I haven’t found any really good distinction between forecasting and prediction so I might swap between the two words arbitrarily here.

What was being predicted?

The forecasts/ predictions in question were all in the field of global politics and economics. For example, a question asked in January 2011 was:

Will Italy restructure or default on its debt by 31 December 2011?

This is a question that invited a yes/ no answer. However, participants were encouraged to answer with a probability, a number between 0% and 100% inclusive. If they were certain of the outcome they could answer 100%, if certain that it would not occur, 0%. The participants were allowed, I think encouraged, to update and re-update their forecasts at any time. So, as far as I can see, a forecaster who predicted 60% for Italian debt restructuring in January 2011 could revise that to 0% in December, even up to the 30th. Each update was counted as a separate forecast.

The study looked for “Goldilocks” problems, not too difficult, not to easy but just right.

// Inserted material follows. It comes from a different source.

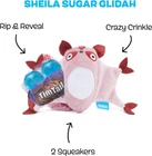 Hidden Toy Surprise: The fun doesn’t stop on the surface! Inside this toy is a hidden surprise just waiting to be discovered. Perfect for pups who love an extra challenge, this bonus toy keeps playtime exciting and full of unexpected adventures! Double The Squeak: This toy comes with not one, but TWO squeakers, because sometimes one just isn’t enough! The duo of squeaks amps up the excitement, keeping your pup engaged with every bite. Perfect for dogs who love their toys to talk back! Crazy Crinkle: This toy is designed for dogs who crave that satisfying “crunch”! The crazy crinkle sound adds extra excitement to playtime, making it perfect for keeping distracted pups focused and entertained with every bite they can hear! Interactive Dog Toy: This toy is designed to be longer-lasting and surprise your pup with multiple ways to play! Non-toxic plush from quality manufacturers makes it safe for all pets so you can enjoy playtime without worry. From the makers of BarkBox, our toys are made by dog lovers to bring joy to dogs and their people. With our 100% Happiness Guarantee and U.S.-based customer support, we're always here to help or just talk about your dog. We love doing that. Meet Sheila Sugar Glidah: If your doggo's a feisty fella, they'll find a sweet surprise inside— a squeaky chocolate candy dog toy with two squeakers! This sugar glider dog toy is irresistible, just like her favorite sweets. Sheila also features crazy crinkle material that turns every game of tug and fetch into a smashing, thrashing delight. Perfect for small dogs, Sheila is ready to be the sweetest addition to your pup’s playtime adventchas!

Bruno de Finetti was very sniffy about using the word “prediction” in this context and preferred the word “prevision”. It didn’t catch on.

Who was studied?

The study was conducted by means of a tournament among volunteers. I gather that the participants wanted to be identified and thereby personally associated with their scores. Contestants had to be college graduates and, as a preliminary, had to complete a battery of standard cognitive and general knowledge tests designed to characterise their given capabilities. The competitors in general fell in the upper 30 percent of the general population for intelligence and knowledge. When some book reviews comment on how the superforecasters included housewives and unemployed factory workers I think they give the wrong impression. This was a smart, self-selecting, competitive group with an interest in global politics. As far as I can tell, backgrounds in mathematics, science and computing were typical. It is true that most were amateurs in global politics.

With such a sampling frame, of what population is it representative? The authors recognise that problem though don’t come up with an answer.

How measured?

Forecasters were assessed using Brier scores. I fear that Brier scores fail to be intuitive, are hard to understand and raise all sorts of conceptual difficulties. I don’t feel that they are sufficiently well explained, challenged or justified in the book. Suppose that a competitor predicts a probability p for the Italian default of 60%. Rewrite this as a probability in the range 0 to 1 for convenience, 0.6 If the competitor accepts finite additivity then the probability of “no default” is 1- 0.6 = 0.4. Now suppose that outcomes f are coded as 1 when confirmed and 0 when disconfirmed. That means that if a default occurs then f ( default ) = 1 and f (no default ) = 0. If there is no default then f ( default ) = 0 and f (no default ) = 1. It’s not easy to get. We then take the difference between the ps and the fs, calculate the square of the differences and sum them. This is illustrated below for “no default” which yields a Brier score of 0.72.

Event p f ( pf ) 2
Default 0.6 0 0.36
No default 0.4 1 0.36
Sum 1.0 0.72

Suppose we were dealing with a fair coin toss. Nobody would criticise a forecasting probability of 50% for heads and 50% for tails. The long run Brier score would be 0.5 (think about it). Brier scores were averaged for each competitor and used as the basis of ranking them. If a competitor updated a prediction then every fresh update was counted as an individual prediction and each prediction was scored. More on this later. An average of 0.5 would be similar to a chimp throwing darts at a target. That is about how well expert professional forecasters had performed in a previous study. The lower the score the better. Zero would be perfect foresight.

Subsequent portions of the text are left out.